Azure / azure-cosmosdb-spark

Apache Spark Connector for Azure Cosmos DB
MIT License
199 stars 119 forks source link

No Such Method Error for Spark 3.5.0 (Databricks 14.3 LTS) #487

Closed RamonRay closed 5 months ago

RamonRay commented 5 months ago

When running the following pyspark script in databricks 14.3 LTS (Spark 3.5.0):

schema= StructType([
    StructField("id", StringType(), False),
    StructField("some_other_field", StringType(), False)
])
(spark.read
    .format("cosmos.oltp")
    .schema(schema)
    .options(**cfg)
    .load()
    .where("some_other_field = 'xxx'")
    .show()

I get the following exception

java.lang.NoSuchMethodError: org.apache.spark.sql.catalyst.encoders.RowEncoder$.apply(Lorg/apache/spark/sql/types/StructType;)Lorg/apache/spark/sql/catalyst/encoders/ExpressionEncoder;
    at com.azure.cosmos.spark.RowSerializerPool$.getOrCreateSerializer(RowSerializerPool.scala:42)
    at com.azure.cosmos.spark.ItemsPartitionReader.<init>(ItemsPartitionReader.scala:259)
    at com.azure.cosmos.spark.ItemsScanPartitionReaderFactory.createReader(ItemsScanPartitionReaderFactory.scala:56)
    at org.apache.spark.sql.execution.datasources.v2.DataSourceRDD$$anon$1.advanceToNextIter(DataSourceRDD.scala:85)
    at org.apache.spark.sql.execution.datasources.v2.DataSourceRDD$$anon$1.hasNext(DataSourceRDD.scala:64)
    at org.apache.spark.InterruptibleIterator.hasNext(InterruptibleIterator.scala:37)
    at scala.collection.Iterator$$anon$10.hasNext(Iterator.scala:460)
    at org.apache.spark.sql.catalyst.expressions.GeneratedClass$GeneratedIteratorForCodegenStage1.processNext(Unknown Source)
    at org.apache.spark.sql.execution.BufferedRowIterator.hasNext(BufferedRowIterator.java:43)
    at org.apache.spark.sql.execution.WholeStageCodegenEvaluatorFactory$WholeStageCodegenPartitionEvaluator$$anon$1.hasNext(WholeStageCodegenEvaluatorFactory.scala:43)
    at org.apache.spark.sql.execution.collect.UnsafeRowBatchUtils$.$anonfun$encodeUnsafeRows$5(UnsafeRowBatchUtils.scala:88)
    at scala.runtime.java8.JFunction0$mcV$sp.apply(JFunction0$mcV$sp.java:23)
    at com.databricks.spark.util.ExecutorFrameProfiler$.record(ExecutorFrameProfiler.scala:110)
    at org.apache.spark.sql.execution.collect.UnsafeRowBatchUtils$.$anonfun$encodeUnsafeRows$3(UnsafeRowBatchUtils.scala:88)
    at scala.runtime.java8.JFunction0$mcV$sp.apply(JFunction0$mcV$sp.java:23)
    at com.databricks.spark.util.ExecutorFrameProfiler$.record(ExecutorFrameProfiler.scala:110)
    at org.apache.spark.sql.execution.collect.UnsafeRowBatchUtils$.$anonfun$encodeUnsafeRows$1(UnsafeRowBatchUtils.scala:68)
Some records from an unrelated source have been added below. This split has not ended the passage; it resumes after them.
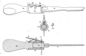 | Utilizes a pawl and lever in the handle to allow the blade to ratchet in either direction depending upon the how the pawl stud is inserted into the handle due to the bevel at the end of the pawl.
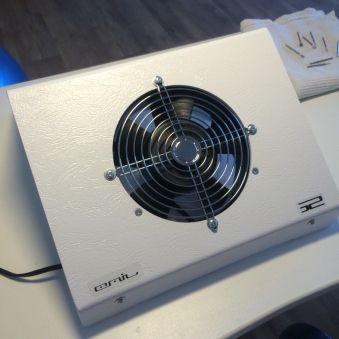 A manicure vacuum cleaner is made in the form of a house, which allows the master to conveniently serve the client. The size of the model is 200 x 280 x 120 mm, the noise level during operation does not exceed 44 dB, the power of rotation of the fan blades is 2500 rpm. Weight with packaging a little more than one kilogram. The warranty on goods from the manufacturer is one year. The average price for this hood is about 3000 rubles.
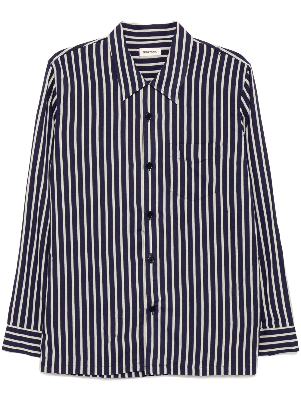 striped shirt Highlights - Navy blue - Front button fastening - Chest patch pocket - Curved hem Imported Composition Viscose 89%, Polyamide 11%
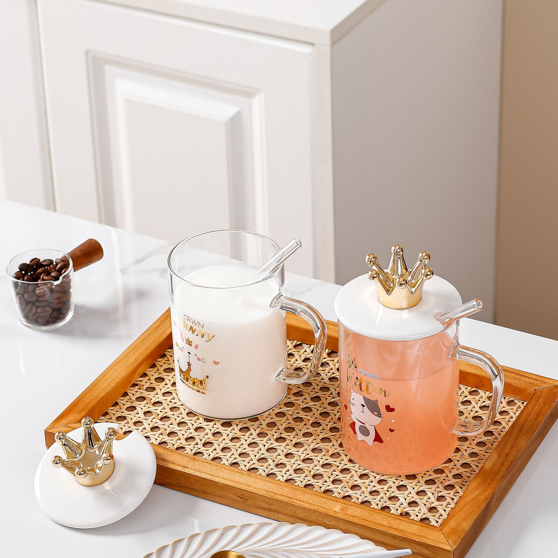 クリエイティブ高颜値ガラスカップクラウンテーマガラスストローミルクカップコーヒーカップ高棚グラスギフト
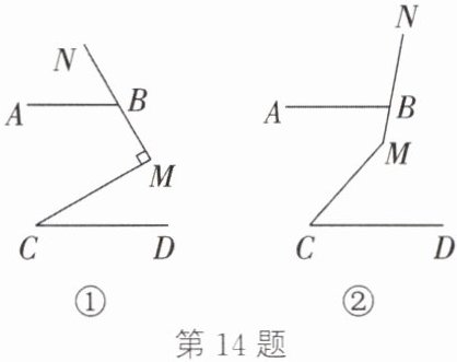 14. (1) 如图①,过点M作MK//AB,则∠ABM + ∠KMB = 180°.
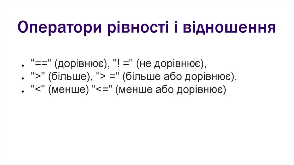 Оператори рівності і відношення"==" (дорівнює), "! =" (не дорівнює),
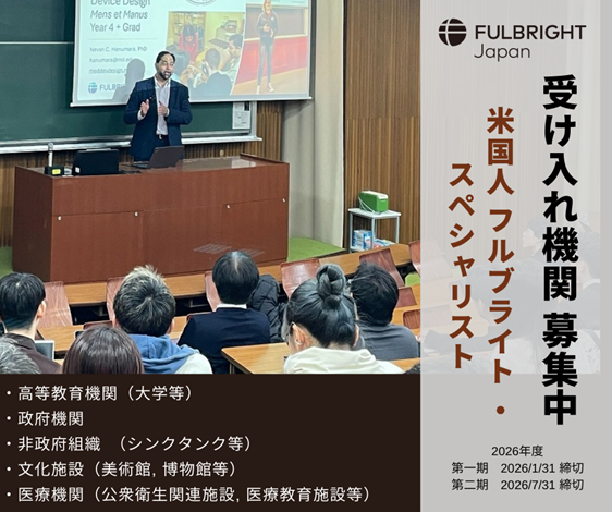 この度、日米教育委員会(フルブライト・ジャパン)は、2026年度 米国人フルブライト スペシャリストの日本国内受け入れ機関を募集します。
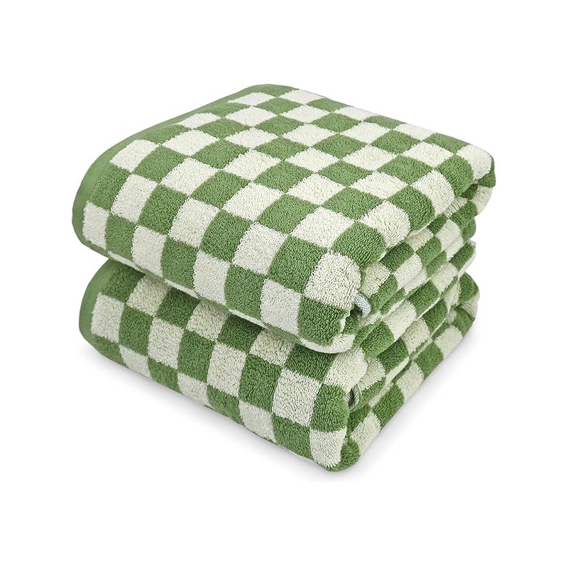 Jacquotha Bath Towels Set of 2 - Luxury Cotton Bathroom Shower Towels Body 55” x 27.5” Absorbent, Quick Dry, 520GSM, Green Checkered Home Decor
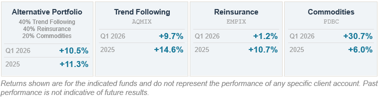 The standout was commodities (PDBC), where the oil spike associated with the Middle East conflict sent energy-linked holdings sharply higher — the same event that hurt equities was a direct tailwind here. This is a textbook example of the role commodity exposure plays: an event that creates turbulence in stocks can simultaneously act as a ballast elsewhere. Trend following (AQMIX) also had a strong showing, benefiting from clear directional moves across currencies and commodities during the quarter. Reinsurance (EMPIX) contributed modestly — its returns are driven by insurance risk and natural catastrophe events, entirely independent of equity markets or oil prices, and that's precisely the point.
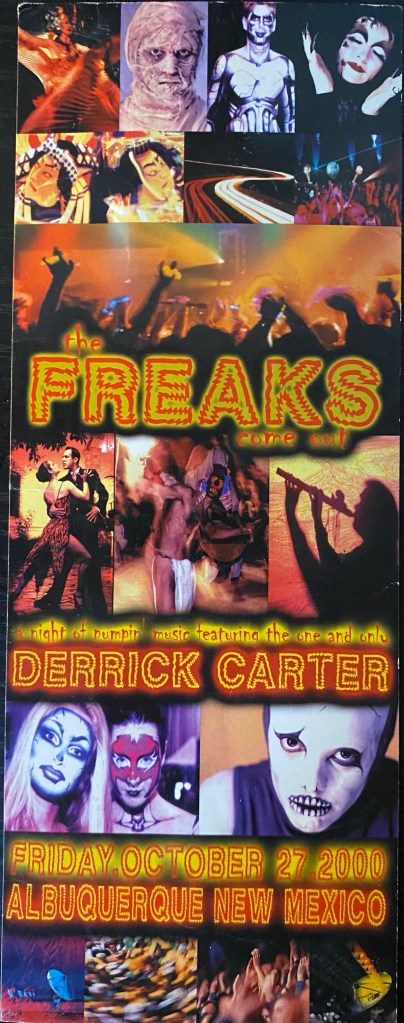 The first memory I have of Derrick Carter is when I must have been around sixteen years old, and the year was 2000, just before Halloween. It was for a rave called the Freaks Come Out, and it took place at the old NY Stock Exchange building over on 3rd and Central here in the 505.
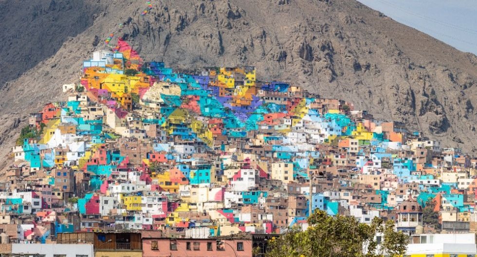 El Cerro San Cristóbal, que está entre los distritos de San juan de Lurigancho y El Rímac, ahora tiene un nuevo ‘rostro’ gracias al primer megamural de chakanas multicolores, que se puede ver a la distancia y simboliza unidad, fortaleza y crecimiento.
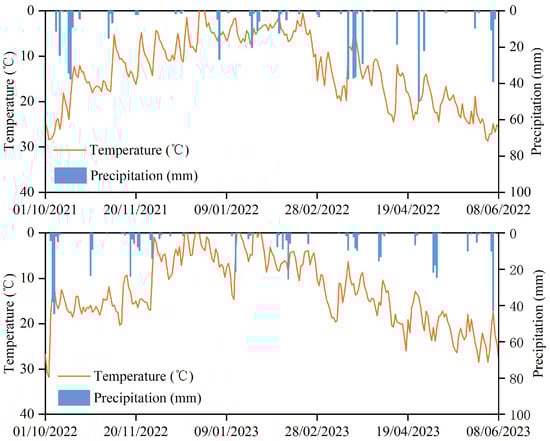 The experiment station was located at the Agricultural Soil and Water Experimental Station of Yangzhou University (32°24′ N, 119°26′ E and about 10 m above sea level), and the experiment was carried out from October 2021 to June 2023. The area has a subtropical monsoon humid climate. The average annual temperature is 14.8 °C, the annual rainfall is 1065.5 mm and the rainfall is mainly concentrated in May to August. The climate parameters data are shown in Figure 1, and the rainfall in the wheat season of 2021–2022 and 2022–2023 was 344.8 mm and 357.4 mm, respectively. The concentrations of total nitrogen, total phosphorus and total potassium in the 0–20 cm soil of the experimental field were 0.71 g/kg, 0.53 g/kg and 5.12 g/kg, respectively. Other soil basic physical and chemical properties are shown in Table 1.
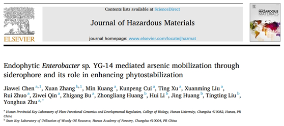 最近,环境领域著名期刊Journal of hazardous materials发表了3003新葡官方网站和湖南省林业科学院的最新合作研究成果“EndophyticEnterobactersp. YG-14 mediated arsenic mobilization through siderophore and its role in enhancing phytostabilization”。研究通过构建YG-14铁载体—肠杆菌素合成基因缺失突变体(ΔentD),证实内生菌通过分泌铁载体有效促进了矿物土壤中铁砷络合物的活化,释放可被生物利用的铁和砷到根际中,进一步通过胞外聚合物和特定的磷酸酶转移蛋白PitA吸附和吸收环境中的砷,最终通过定殖的方式将环境中的砷固定在修复植物根部,实现土壤砷污染植物根部固定修复。研究从表型、生理生化和分子水平揭示了内生菌在促进修复植物固定砷和维持宿主植物生长中的重要作用。
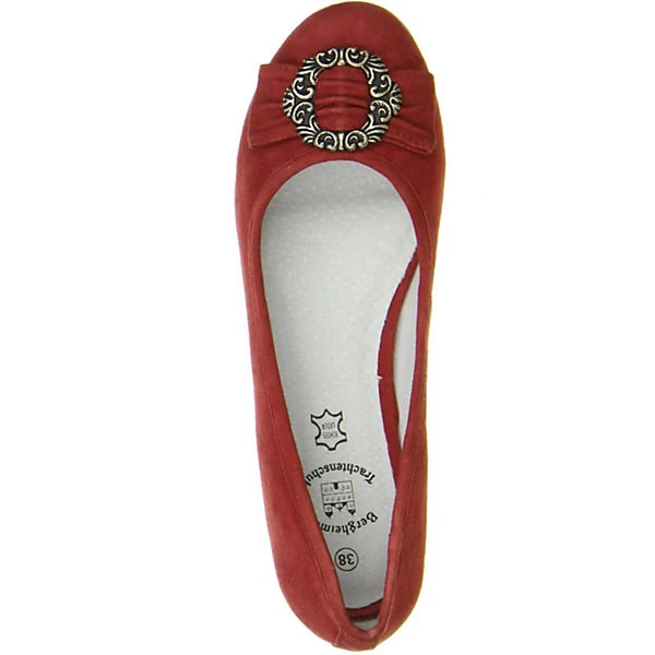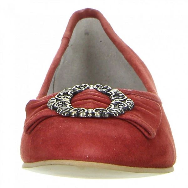 Wie ein original Ballerina-Schuh geformt sind sie komplett aus Leder gefertigt und tragen den typisch elastischen Einstieg. Was den Schuh aber so besonders macht, ist die breite, Schleife mit Spange auf dem Vorderblatt. Die obere Schicht der Schleife ist mit Metall-Applikationen veredelt und schafft so einen besonders edlen Trachten- Look.

I saw that spark 3.5.0 is not yet supported. May I ask when it will be supported and have this issue fixed?

FabianMeiswinkel commented 5 months ago

Spark 3.5 support PR has just merged - see https://github.com/Azure/azure-sdk-for-java/pull/39395

It will be released within the next 2-3 weeks.